Rapid tech take-up could kickstart productivity
Frontier firms show it’s not just about working hard, it’s working smart, and making the most of technology.
Economist Dan Andrews has a timely reminder for companies anxious about whether staff working from home are putting in the hours.
“Productivity is about inspiration as opposed to perspiration,” he says. “The typical definition of labour productivity is output per hours worked, so if we can get our tasks done in fewer hours at home that is a productivity boost.”
Andrews, an Australian who has worked as a senior economist at the OECD for more than a decade, has researched productivity extensively, looking particularly at why Australia and other OECD member countries have suffered such poor productivity growth since the early 2000s — despite big advances in technology.
For an economist, COVID-19 is the “ultimate exogenous shock” to the economy but the upside is that it has hastened technology take-up by companies. The question now is whether that tech explosion will break the poor productivity pattern of recent years — even if workers are away from the office.
Andrews says it could go either way and references a recent OECD report, “Productivity gains from teleworking in the post COVID-19 era: How can public policies make it happen?” which argues the impact of teleworking is “ambiguous”.
He tells The Deal: “The bottom line is I don’t know and I don’t think anyone knows. It will depend on whether the shock is temporary or permanent but against that tremendous uncertainty there may be a silver lining (because firms have been forced to invest in more technology).”
Andrews cites Microsoft chief executive Satya Nadella, who said in April that, “we have seen two years’ worth of digital transformation in two months” to make the point that there has been an explosion in the adoption of technology.
Says Andrews: “One of the explanations for the productivity slowdown that we have seen in OECD countries is stalling technology diffusion.
“The diffusion of leading technology developed by the frontier firms such as Google and Facebook has broken down. The growth model in the 1990s was that the frontier firms produced the new ideas and then over time those ideas would spill over to other firms and this would lift all boats.
“That’s essentially the growth story for much of the 20th century (the idea that) the laggard companies catch up. And then around 2003 it broke down and a lot of firms stopped being able to replicate the technology of the frontier firms. Now with COVID a lot of companies have been forced to lift their game and bring forward digital transformation.”
But Andrews warns the ability of firms to use technology to increase productivity depends on the quality of management and appropriate restructuring of a firm’s workforce. Technology does not automatically convert to higher productivity.
There are two reasons why the laggard companies have not had the technology dividend we might have expected in the past 15 years or so.
“One explanation was that frontier firms have such an edge in management and other intangible attributes that the laggards can never catch them,” Andrews says.
“The other is that the incentives for laggards to adopt new ideas has declined because, for example, they don’t face competition because there are fewer new entrants. The low productivity incumbents can linger longer without adopting technology.”
Saul Eslake, one of Australia’s leading analysts of productivity, cites Andrews’ OECD work, first published in 2015 with colleagues Chiara Criscuolo and Peter N. Gal and updated last year in a discussion paper published by the London School of Economics as “The Best versus the Rest: divergence across firms during the global productivity slowdown”, as central to understanding the causes of the low productivity growth of recent years.
Eslake, who runs his own consultancy and is a vice-chancellor’s fellow at the University of Tasmania, says we will have to wait three or four years to have an accurate picture of productivity during the pandemic. Even then it will be hard to prove why productivity has increased or dropped.

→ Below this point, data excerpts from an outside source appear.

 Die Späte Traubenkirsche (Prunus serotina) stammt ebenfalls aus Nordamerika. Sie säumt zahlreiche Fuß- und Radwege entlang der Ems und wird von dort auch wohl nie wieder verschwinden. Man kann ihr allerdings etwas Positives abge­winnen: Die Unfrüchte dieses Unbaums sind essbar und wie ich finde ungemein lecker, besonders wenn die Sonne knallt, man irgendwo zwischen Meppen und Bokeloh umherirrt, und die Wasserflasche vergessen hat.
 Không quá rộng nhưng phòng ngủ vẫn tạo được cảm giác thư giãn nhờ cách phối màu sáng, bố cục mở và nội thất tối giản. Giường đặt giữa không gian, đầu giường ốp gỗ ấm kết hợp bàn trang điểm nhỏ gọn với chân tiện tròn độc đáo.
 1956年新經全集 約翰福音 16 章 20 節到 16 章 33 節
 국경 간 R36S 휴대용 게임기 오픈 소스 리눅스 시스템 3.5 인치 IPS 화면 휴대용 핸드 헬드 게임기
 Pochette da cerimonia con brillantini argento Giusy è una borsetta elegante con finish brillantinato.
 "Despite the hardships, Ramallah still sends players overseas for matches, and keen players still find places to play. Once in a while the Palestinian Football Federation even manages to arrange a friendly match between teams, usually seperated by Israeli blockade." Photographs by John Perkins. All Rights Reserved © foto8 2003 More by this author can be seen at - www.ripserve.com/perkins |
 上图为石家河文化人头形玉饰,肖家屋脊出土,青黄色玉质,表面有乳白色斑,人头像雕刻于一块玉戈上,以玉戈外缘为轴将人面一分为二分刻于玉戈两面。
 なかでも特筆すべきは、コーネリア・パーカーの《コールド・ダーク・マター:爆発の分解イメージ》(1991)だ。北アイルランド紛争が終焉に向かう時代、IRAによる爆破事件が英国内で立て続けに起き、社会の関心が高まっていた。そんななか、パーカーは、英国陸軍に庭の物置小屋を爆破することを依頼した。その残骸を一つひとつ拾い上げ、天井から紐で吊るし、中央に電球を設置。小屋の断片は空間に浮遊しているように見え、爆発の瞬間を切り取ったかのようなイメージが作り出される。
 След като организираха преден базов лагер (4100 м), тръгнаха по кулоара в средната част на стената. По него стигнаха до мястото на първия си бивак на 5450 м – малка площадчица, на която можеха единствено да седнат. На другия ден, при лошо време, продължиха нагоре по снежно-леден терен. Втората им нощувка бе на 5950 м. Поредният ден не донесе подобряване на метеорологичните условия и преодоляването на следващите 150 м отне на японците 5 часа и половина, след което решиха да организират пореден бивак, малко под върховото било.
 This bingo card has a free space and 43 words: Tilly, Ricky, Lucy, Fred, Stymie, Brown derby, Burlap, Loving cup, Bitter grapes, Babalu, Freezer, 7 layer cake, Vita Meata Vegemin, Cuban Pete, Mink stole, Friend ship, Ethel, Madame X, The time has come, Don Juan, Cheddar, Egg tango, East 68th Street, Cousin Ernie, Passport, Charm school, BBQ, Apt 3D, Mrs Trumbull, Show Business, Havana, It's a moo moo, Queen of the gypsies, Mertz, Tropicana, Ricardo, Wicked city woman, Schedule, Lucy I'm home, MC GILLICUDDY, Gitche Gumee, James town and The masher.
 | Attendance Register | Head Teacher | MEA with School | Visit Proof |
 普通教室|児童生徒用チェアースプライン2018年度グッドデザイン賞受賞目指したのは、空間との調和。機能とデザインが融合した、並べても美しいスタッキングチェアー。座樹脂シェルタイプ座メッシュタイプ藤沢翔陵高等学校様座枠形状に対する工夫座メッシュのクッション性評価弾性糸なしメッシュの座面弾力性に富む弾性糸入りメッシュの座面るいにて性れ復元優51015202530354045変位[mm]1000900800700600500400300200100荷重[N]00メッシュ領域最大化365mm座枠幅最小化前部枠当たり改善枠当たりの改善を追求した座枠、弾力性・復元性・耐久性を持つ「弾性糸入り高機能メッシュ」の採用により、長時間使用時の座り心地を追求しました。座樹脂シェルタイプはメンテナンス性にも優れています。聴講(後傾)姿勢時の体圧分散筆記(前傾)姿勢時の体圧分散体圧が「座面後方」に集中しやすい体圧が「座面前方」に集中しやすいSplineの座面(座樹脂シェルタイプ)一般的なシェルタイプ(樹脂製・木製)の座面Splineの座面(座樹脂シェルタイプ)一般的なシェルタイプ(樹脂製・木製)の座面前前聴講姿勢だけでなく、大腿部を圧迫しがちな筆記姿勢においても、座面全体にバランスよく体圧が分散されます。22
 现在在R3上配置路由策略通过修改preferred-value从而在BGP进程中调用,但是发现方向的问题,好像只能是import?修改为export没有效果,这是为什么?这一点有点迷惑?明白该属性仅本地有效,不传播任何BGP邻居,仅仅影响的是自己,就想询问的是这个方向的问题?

“We have had five years or so of very poor productivity growth leading up to the pandemic and we don’t really have good data on what has happened since,” Eslake says.
He notes the workplace focus on working in teams and collaboration has been disrupted by WFH. The question is whether any loss of productivity will be compensated for by less time wasted in meetings and commutes.
Eslake says some firms will increase productivity by cutting staff.
“It’s pretty clear that big firms in particular are using this period to reimagine how they do jobs and one of the reasons employment won’t return to pre-pandemic levels even in firms that survive is because businesses will just conclude that they never really needed that much staff,” he says.
Eslake warns that government assistance and low interest rates could perpetuate “zombie” firms, holding capital that should be freed up for more productive investment.
He says that in general we should not support policies that inhibit the movement of capital to more efficient firms in the same industry, or that inhibit the movement from unproductive sectors to more productive ones. Protectionist policies that favour more national self-sufficiency can also lead to less productive sectors and firms.
Eslake’s own earnings have been hit in the pandemic: and he says “A bit more than half of my revenues came from the conference circuit and that has completely dried up.
“I suspect it will never go back to what it once was because business has discovered Zoom and Teams. I am doing presentations online but the market won’t pay (as much) even though from my point of view there is no less work involved.”